---- Exercise materials

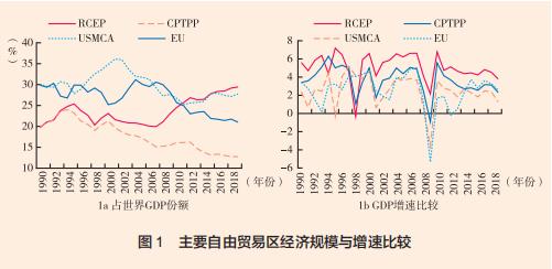 根据世界银行的统计,《美国-墨西哥-加拿大协定》(The United States-Mexico-Canada Agreement,USMCA)曾是世界上GDP份额最大的自由贸易区,2002年占世界GDP的近36%,近年来有所下滑;欧盟(EU)整体上也呈下降趋势。RCEP国家占世界GDP的份额在2008年金融危机后明显提升,2012年超过美墨加地区成为世界上经济规模最大的区域。2019年RCEP国家的GDP总额约为26万亿美元,占世界经济总量的29.43%(见图1a)。另外,RCEP国家已经成为拉动全球经济增长的新兴力量。21世纪以来,RCEP国家GDP平均增速高出USMCA、EU和CPTPP区域1~2个百分点(见图1b)。同时,RCEP也是覆盖人口最多的自由贸易区,劳动力资源丰富。2019年RCEP地区人口达到22.67亿人,占世界人口的29.54%,是USMCA、EU和CPTPP人口的4.4~4.6倍。
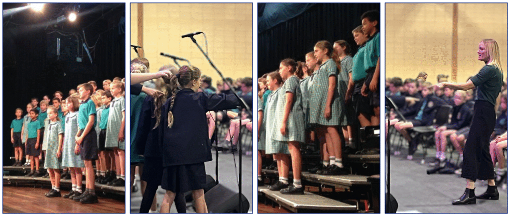 The Stage 3 Choir is an elective ensemble for Years 5 and 6, offering a more challenging repertoire that includes both contemporary and traditional pieces. The repertoire is shaped by student interests and specific occasions like Christmas, Easter and local eisteddfods. Eisteddfod preparation begins in Term 2, with the choir having a strong track record at the Lismore Eisteddfod, including winning all categories in 2016. Students must enroll for the Stage 3 Choir, with rehearsals held every Tuesday morning from 8:15 am to 8:45 am.
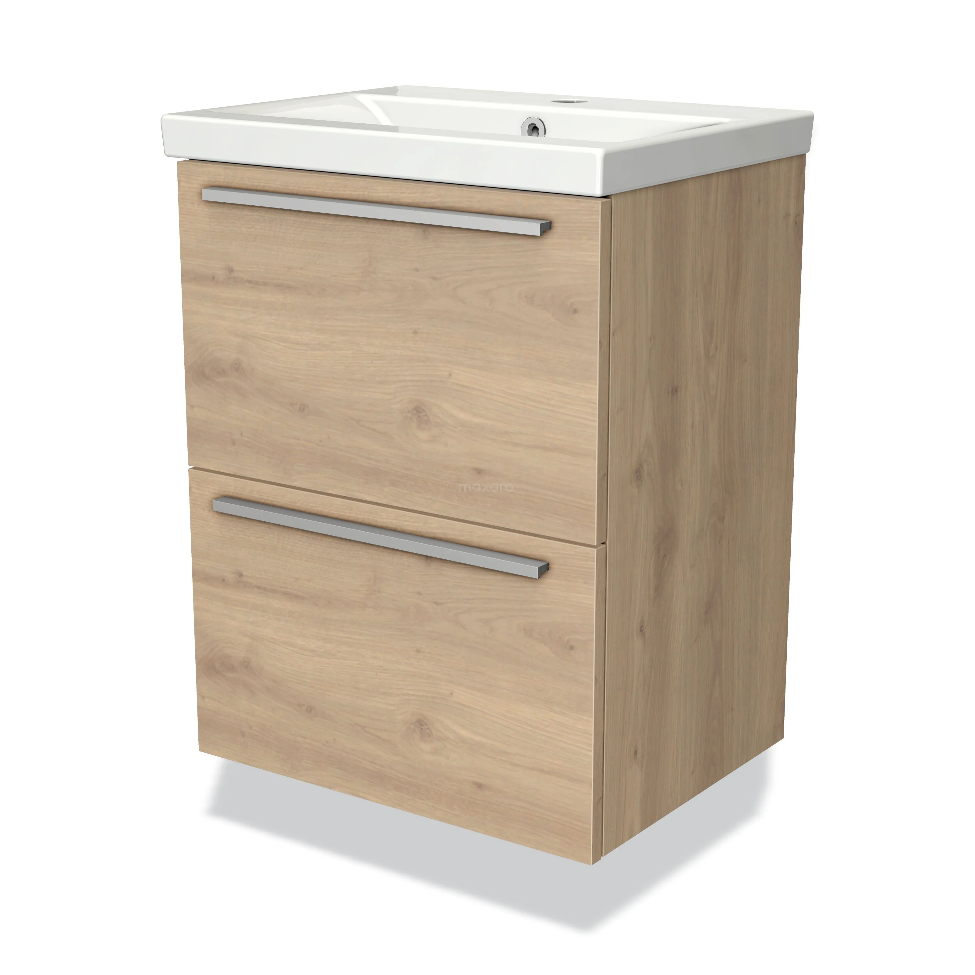 Modulo Slim Bathroom furniture with sink | 50 cm Light brown oak Flat front Ceramic 2 Stacked drawers
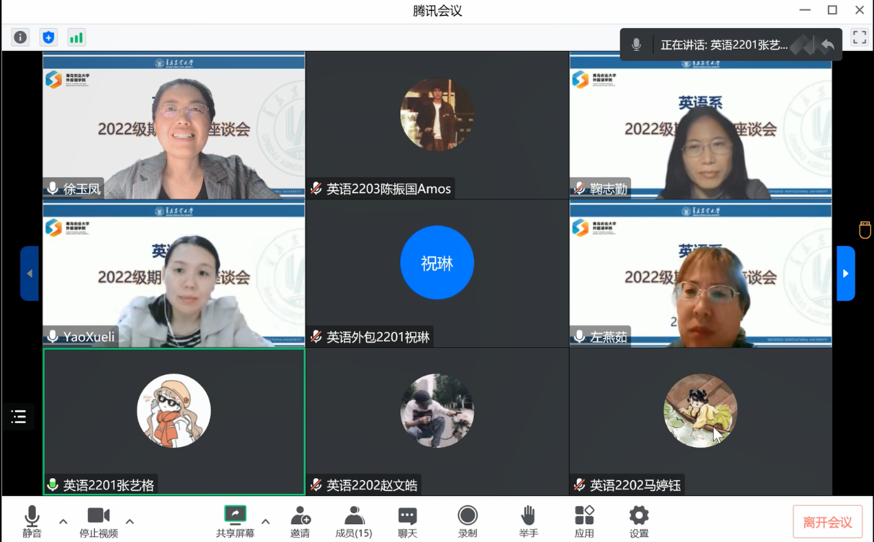 大一的同学们提出了在英语口语、听力、语法等方面的学习问题,大二的同学们着眼于对日常学习方法与途径提出疑问,大三的同学们询问了考研指导及国际交流的相关问题,大四的同学们针对考研考公的压力纾解进行了提问。老师们对同学们提出的问题与建议进行了详细解答和充分肯定。老师们强调,语言学习需要把功夫下在平时,同学们应及时和老师沟通;在课堂上要积极与老师配合,共同提高课堂效率、共同营造良好的学习氛围,鼓励同学们在今后的学习中也畅所欲言,勇敢表达心声,为自己未来的发展及英语系的教学工作积极建言献策。
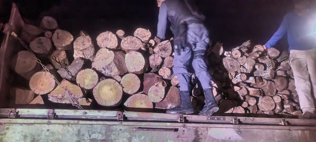 Em vistoria ao caminhão, os militares verificaram que se tratava de uma madeira da espécie Angico, tendo aproximadamente 21 metros cúbicos na carroceria. Também dentro do veículo, foram encontradas duas motosserras, utilizadas pelos suspeitos na extração da madeira.
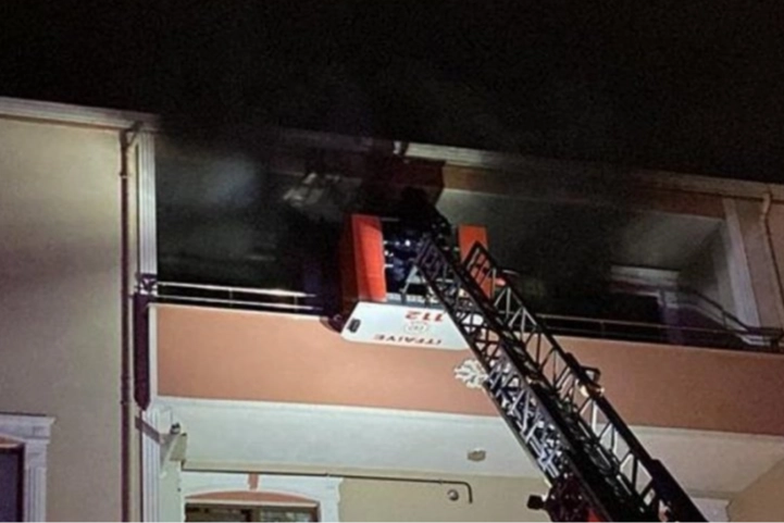 Evi dumanla kaplı gören ev sahibi balkona çıkarak 112 Acil Çağrı Merkezine haber verdi. İhbar üzerine olay yerine itfaiye, sağlık ve polis ekipleri sevk edildi. Kısa sürede olay yerine gelen ekipler, balkonda mahsur kalan U.K'yi itfaiye aracıyla sepete alınarak aşağıya indirdi.
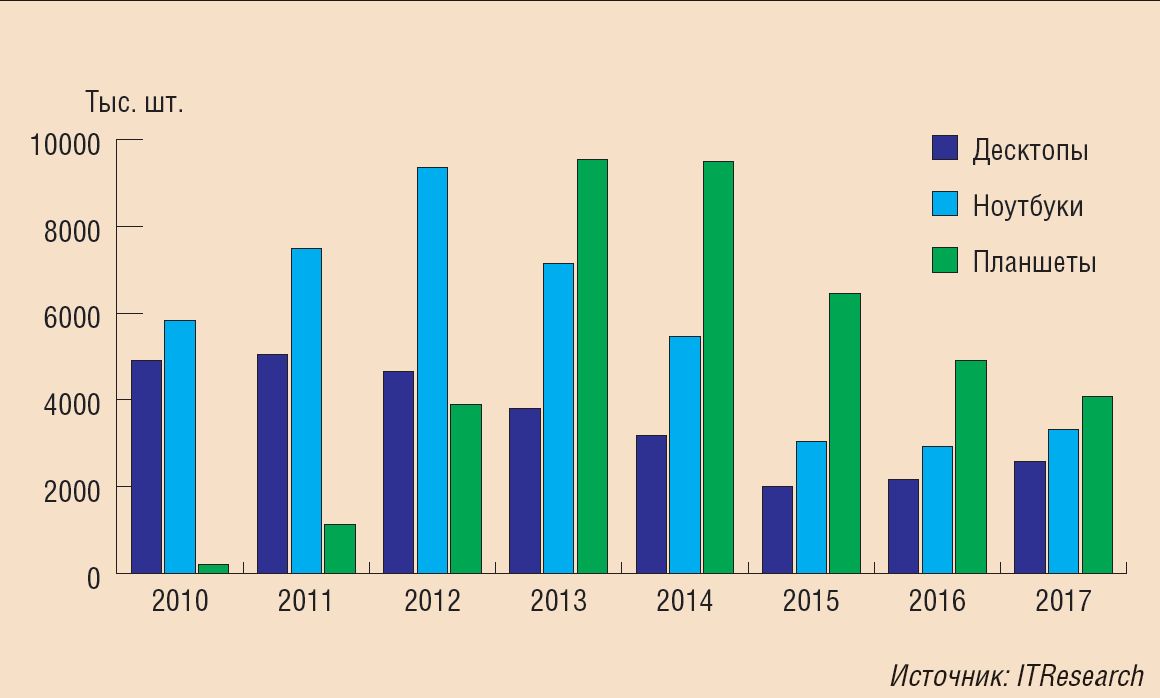 Продажи в натуральном выражении различных категорий компьютеров: настольных ПК, ноутбуков и планшетов – 2010-2017 гг.
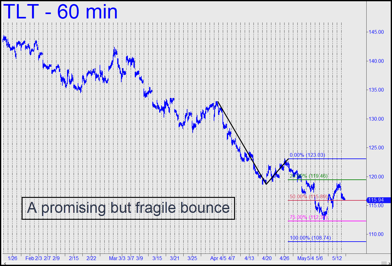 TLT has taken a promising but still-fragile bounce from the 112.31 secondary Hidden Pivot of the pattern shown. When reversals occur at p2, they sometimes continue in the same direction, eventually stopping out the pattern with a move through ‘c’ — in this case 123.03. This dynamic is called ‘Matt’s Curse’, named for the subscriber who first observed it, and in this case the implications are bullish. The rally would become less tentative with a pop above the ‘external’ peak at 119.31 recorded on May 3. ______ UPDATE (May 24, 10:05 p.m.): The short-squeeze gap on the opening kept the rally alive by generating a fresh impulse leg on the daily chart, albeit by a hair. The next thrust must exceed 120.35 to keep the elevated mood stoked.

--------

● **Required action**: Find the line containing "Em vistoria ao" in the listing above. Restate it and every line after it, word for word, through the final line, leaving out the pictures.

● **Output of the exercise**:
 Em vistoria ao caminhão, os militares verificaram que se tratava de uma madeira da espécie Angico, tendo aproximadamente 21 metros cúbicos na carroceria. Também dentro do veículo, foram encontradas duas motosserras, utilizadas pelos suspeitos na extração da madeira.
 Evi dumanla kaplı gören ev sahibi balkona çıkarak 112 Acil Çağrı Merkezine haber verdi. İhbar üzerine olay yerine itfaiye, sağlık ve polis ekipleri sevk edildi. Kısa sürede olay yerine gelen ekipler, balkonda mahsur kalan U.K'yi itfaiye aracıyla sepete alınarak aşağıya indirdi.
 Продажи в натуральном выражении различных категорий компьютеров: настольных ПК, ноутбуков и планшетов – 2010-2017 гг.
 TLT has taken a promising but still-fragile bounce from the 112.31 secondary Hidden Pivot of the pattern shown. When reversals occur at p2, they sometimes continue in the same direction, eventually stopping out the pattern with a move through ‘c’ — in this case 123.03. This dynamic is called ‘Matt’s Curse’, named for the subscriber who first observed it, and in this case the implications are bullish. The rally would become less tentative with a pop above the ‘external’ peak at 119.31 recorded on May 3. ______ UPDATE (May 24, 10:05 p.m.): The short-squeeze gap on the opening kept the rally alive by generating a fresh impulse leg on the daily chart, albeit by a hair. The next thrust must exceed 120.35 to keep the elevated mood stoked.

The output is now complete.